News Day editor, Conway Tutani has argued that currency reforms by the finance minister, professor Mthuli Ncube were common practice globally.
His remarks follow the ban on the use of all foreign currencies for domestic transactions. Tutani notes that states often adopt controls which allow them to better manage their economies by controlling the inflow and outflow of currency.
Tutani writes:
So, the idea and principle behind Ncube’s decision is economically sound. Turning to the United States, yes, forex trading is allowed there, but the industry is much more regulated nowadays to prevent excessive trading and speculation that can drastically magnify risks and losses.
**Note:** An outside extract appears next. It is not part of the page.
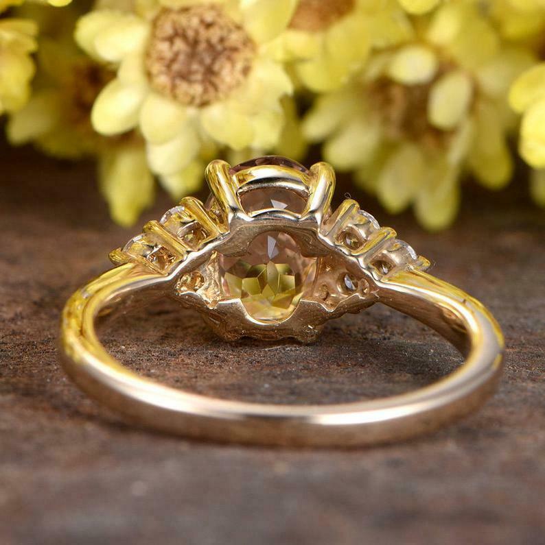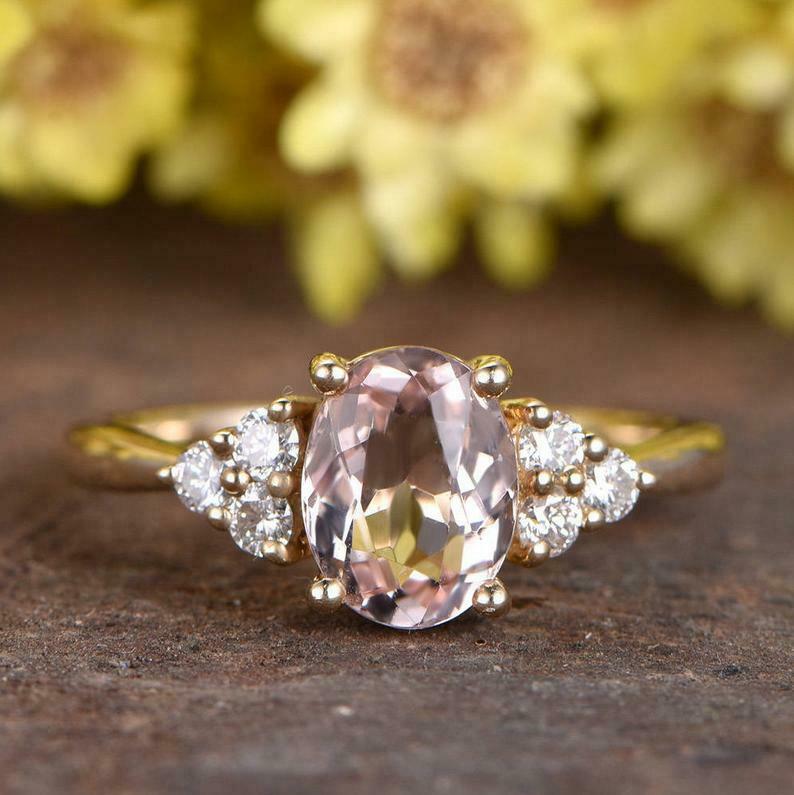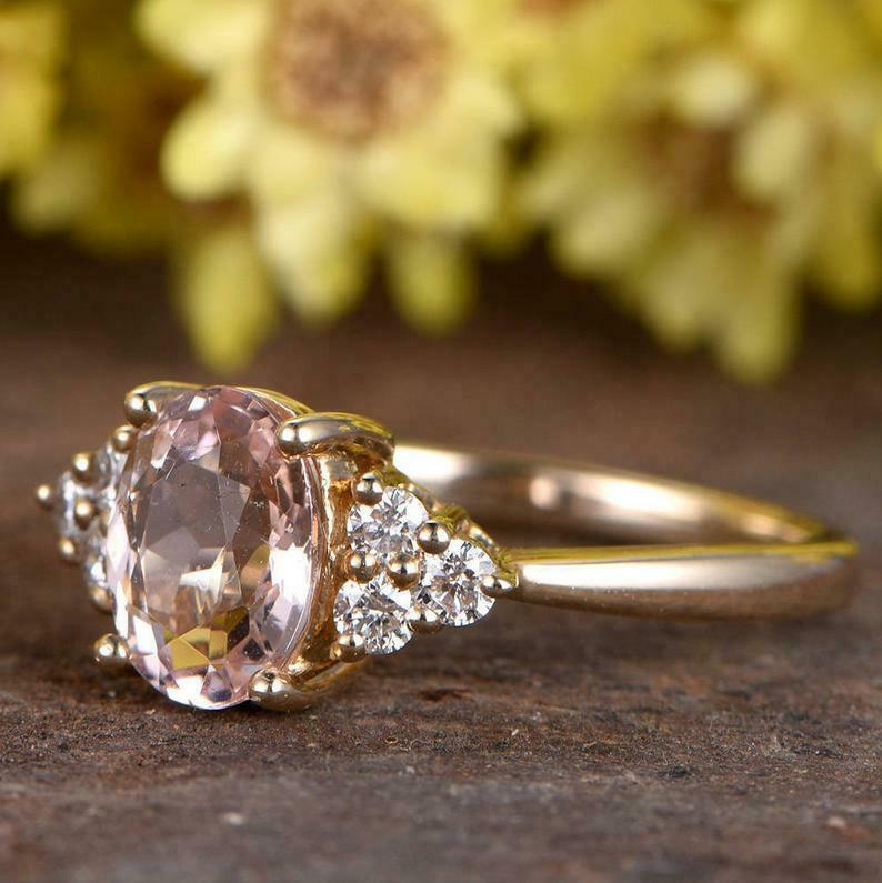 1.5ct Oval Cut Peach Morganite Petite Round Accents Solitaire Ring 14k Yellow Gold Over

For forex trading, the US Commodities and Futures Trading Commission is the regulatory body. Yes, there is no laissez-faire; there are stringent regulations and restrictions. As one can see, the economic prescription is the same whether one is in Zimbabwe or in the US. So, forex controls do not make Zimbabwe any less democratic, as some elements in civil society allege, or the US any more despotic.
Tutani further argues that the currency measures are meant to cushion the majority who have limited to no access to foreign currency. The editor observes that the economy, left alone, was slowly dollarising making life difficult for many. The quasi currency was losing value against the US$ at a faster rate thereby deteriorating the salaries of several workers.